### SUPPLIED ENTRIES
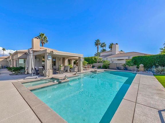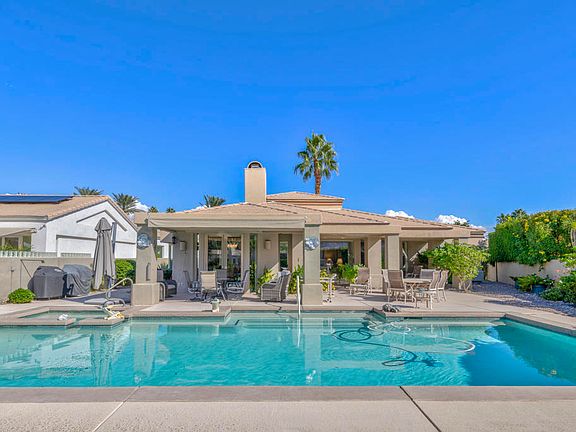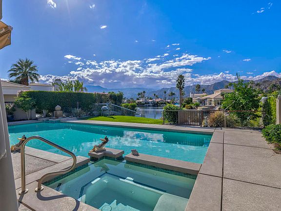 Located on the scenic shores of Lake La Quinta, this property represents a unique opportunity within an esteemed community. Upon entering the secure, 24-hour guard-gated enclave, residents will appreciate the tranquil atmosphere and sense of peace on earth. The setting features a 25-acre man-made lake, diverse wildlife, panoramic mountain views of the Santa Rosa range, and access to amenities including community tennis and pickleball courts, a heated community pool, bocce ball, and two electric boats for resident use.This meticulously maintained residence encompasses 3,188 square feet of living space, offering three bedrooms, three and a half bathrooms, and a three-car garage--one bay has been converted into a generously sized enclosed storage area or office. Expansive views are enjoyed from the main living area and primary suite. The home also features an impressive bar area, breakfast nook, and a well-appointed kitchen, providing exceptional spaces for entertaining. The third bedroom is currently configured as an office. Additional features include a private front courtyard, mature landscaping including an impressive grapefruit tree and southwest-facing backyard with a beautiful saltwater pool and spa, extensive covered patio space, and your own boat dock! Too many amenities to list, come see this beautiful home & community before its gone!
...
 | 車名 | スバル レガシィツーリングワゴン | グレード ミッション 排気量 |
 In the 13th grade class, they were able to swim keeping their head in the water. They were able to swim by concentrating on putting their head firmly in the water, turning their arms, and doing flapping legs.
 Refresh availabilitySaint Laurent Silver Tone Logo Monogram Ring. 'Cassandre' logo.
==
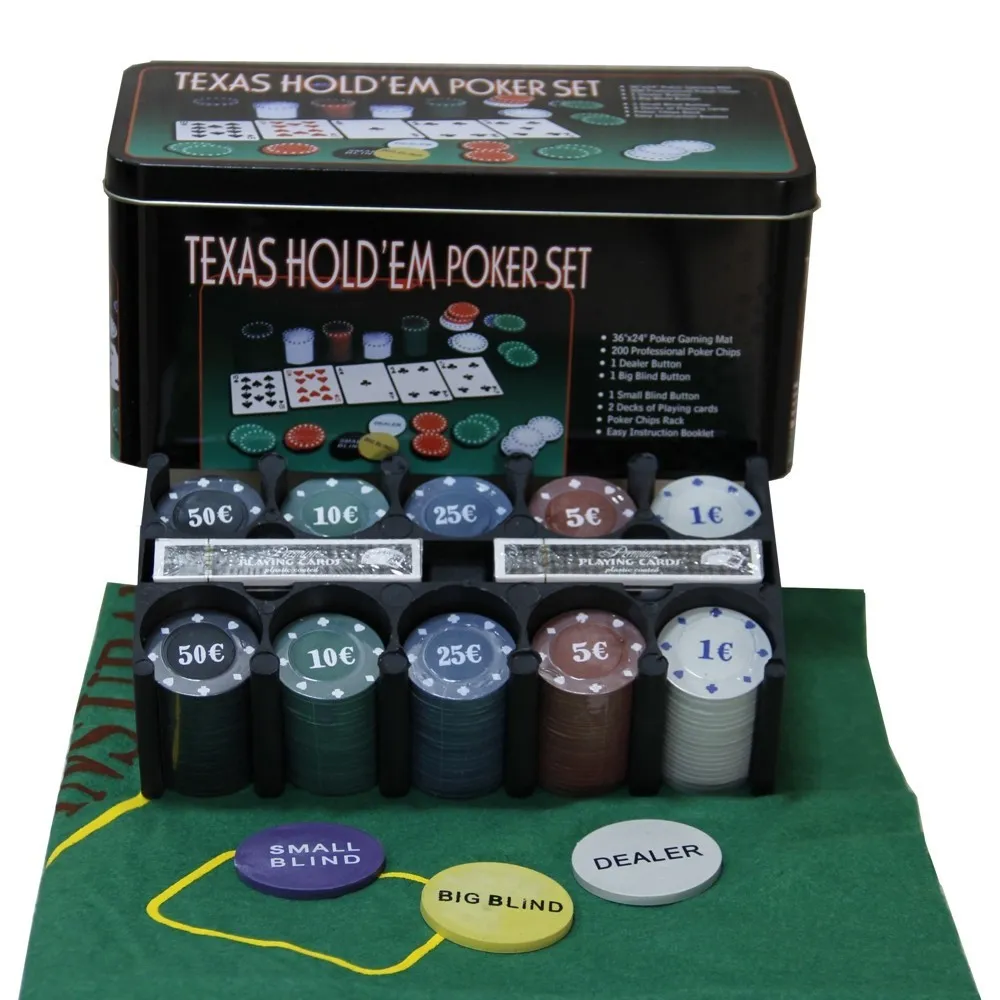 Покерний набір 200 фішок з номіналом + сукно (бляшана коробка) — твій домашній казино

### ASSIGNED TASK
Starting at the line above that contains "ミッション 排気量 |", write out each line exactly until the line that contains "In the 13th" has been written, and stop there.

### YOUR RESPONSE
 | 車名 | スバル レガシィツーリングワゴン | グレード ミッション 排気量 |
 In the 13th grade class, they were able to swim keeping their head in the water. They were able to swim by concentrating on putting their head firmly in the water, turning their arms, and doing flapping legs.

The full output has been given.